== WHAT THE TASK ASKS ==
The exercise calls for exact output of the lines between the one that contains "Ausführung MDF Dekor" and the end of the data, with both ends kept and pictures left out.

== SUPPLIED ENTRIES ==
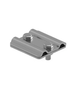Służy do łączenia kolejnych odcinkow drutu odgromowego na dachu. Złącze składa się z 2 części o grubości 2 mm, skręcanych ze sobą za pomocą 2 śrub M8. Do połączenia drutu miedzianego ze stalowym należy zastosować wersję mosiężną 90700110.
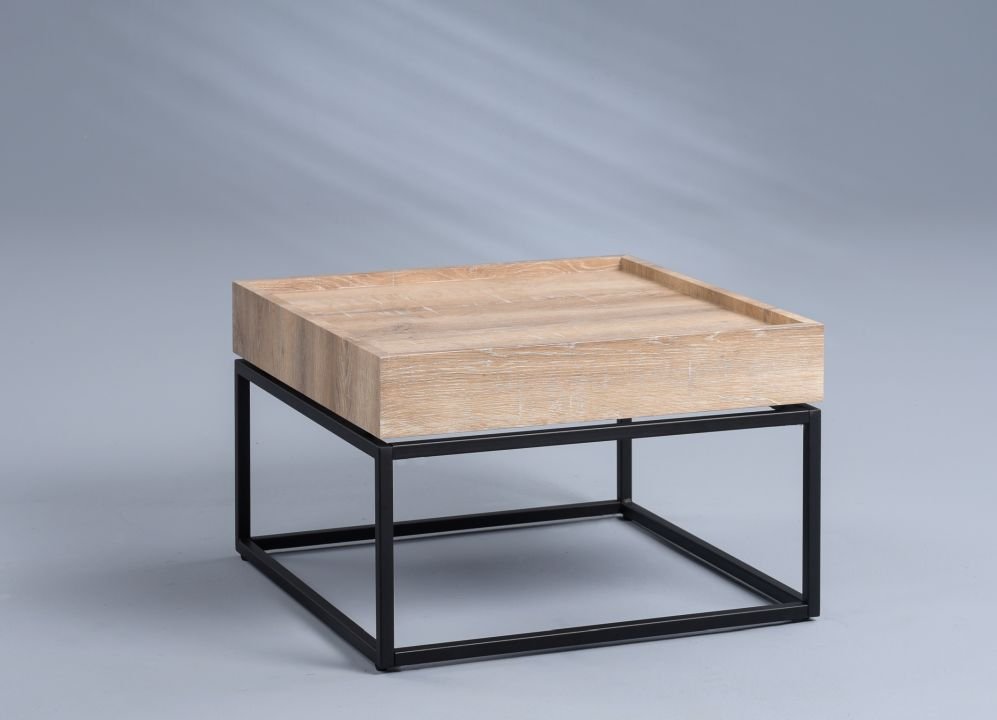 Ausführung MDF Dekor Wildeiche Deckplatte Kastenform innen hohl Gestell Metall schwarz
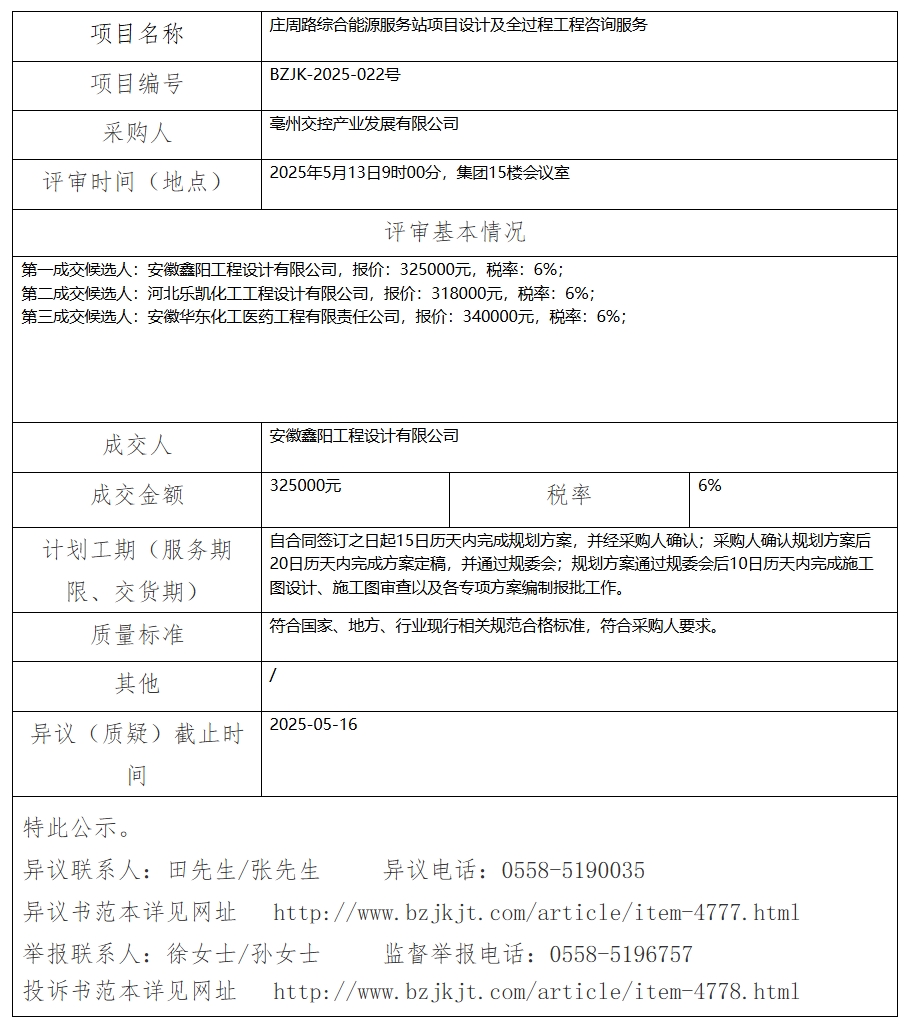 莊周路綜合能源服務(wù)站項(xiàng)目設(shè)計(jì)及全過程工程咨詢服務(wù)成交結(jié)果公示
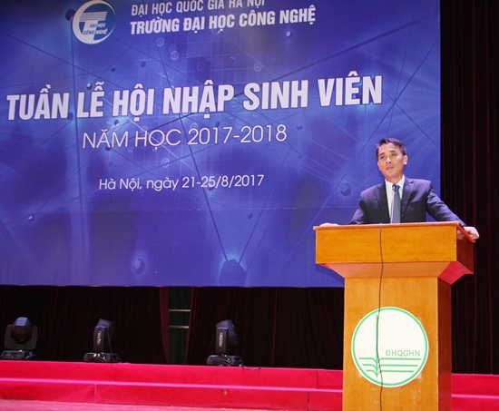 Trong buổi gặp mặt các tân sinh viên (Khóa QH-2017-I/CQ), Phó Hiệu trưởng Chử Đức Trình đã gửi lời chúc mừng đến các tân sinh viên Trường ĐHCN. PGS nhấn mạnh khẩu hiệu của Trường là “Sáng tạo – Tiên phong – Chất lượng cao”. Phó Hiệu trưởng tiếp tục truyền đạt đến những sinh viên K62 về truyền thống, lịch sử hình thành và phát triển của Nhà trường. Đồng thời PGS đã nhắc đến những tấm gương cựu sinh viên thành công trong sáng tạo khởi nghiệp và được nhận nhiều giải thưởng quan trọng như Nhân tài Đất Việt. Qua đó, chuyển tải đến sinh viên lòng tự hào khi được học tập dưới mái trường ĐHCN.
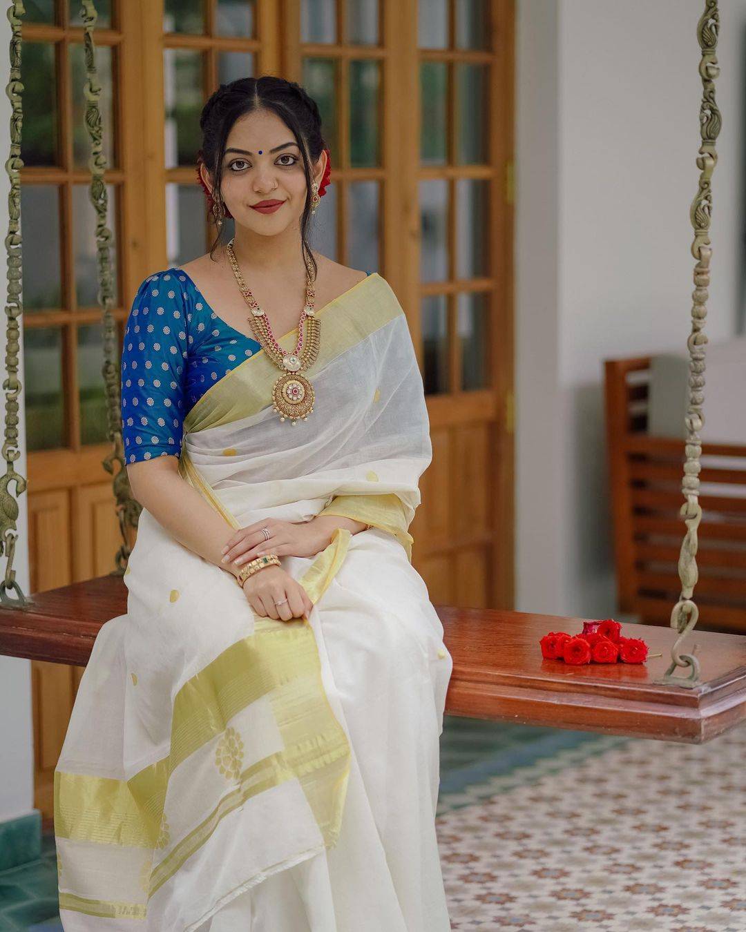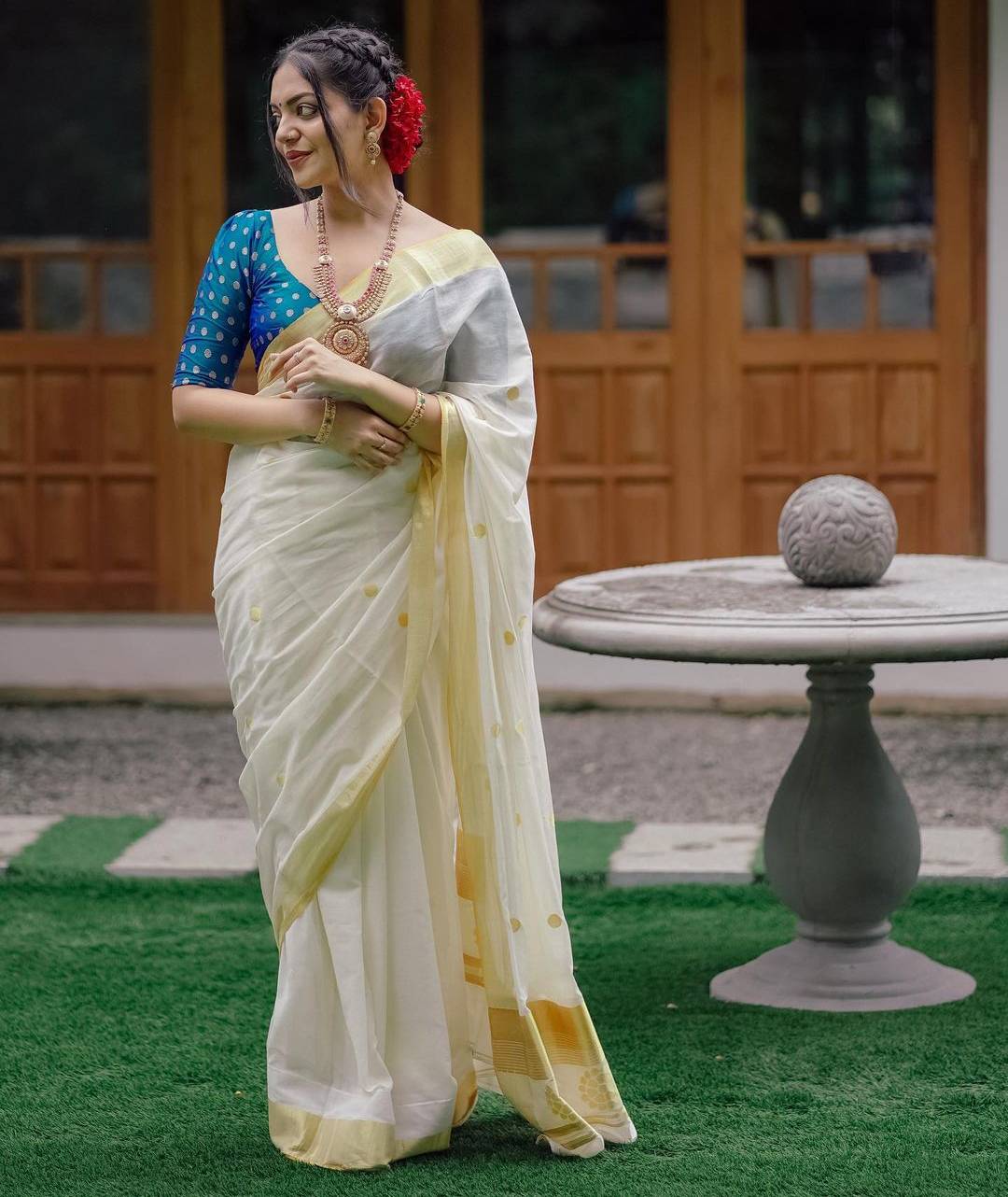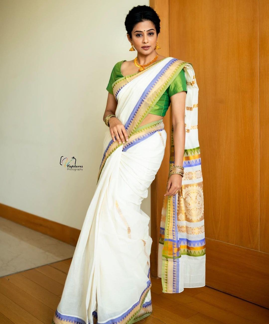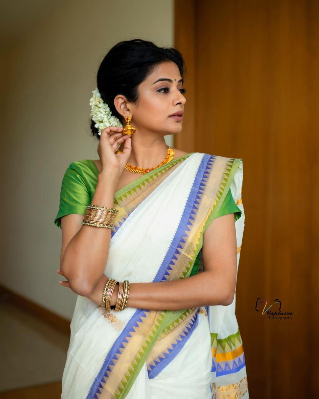 3. Priya Mani Raj in a white saree-priya mani in a ivory kerala saree for onam

== TASK ANSWER ==
 Ausführung MDF Dekor Wildeiche Deckplatte Kastenform innen hohl Gestell Metall schwarz
 莊周路綜合能源服務(wù)站項(xiàng)目設(shè)計(jì)及全過程工程咨詢服務(wù)成交結(jié)果公示
 Trong buổi gặp mặt các tân sinh viên (Khóa QH-2017-I/CQ), Phó Hiệu trưởng Chử Đức Trình đã gửi lời chúc mừng đến các tân sinh viên Trường ĐHCN. PGS nhấn mạnh khẩu hiệu của Trường là “Sáng tạo – Tiên phong – Chất lượng cao”. Phó Hiệu trưởng tiếp tục truyền đạt đến những sinh viên K62 về truyền thống, lịch sử hình thành và phát triển của Nhà trường. Đồng thời PGS đã nhắc đến những tấm gương cựu sinh viên thành công trong sáng tạo khởi nghiệp và được nhận nhiều giải thưởng quan trọng như Nhân tài Đất Việt. Qua đó, chuyển tải đến sinh viên lòng tự hào khi được học tập dưới mái trường ĐHCN.
 3. Priya Mani Raj in a white saree-priya mani in a ivory kerala saree for onam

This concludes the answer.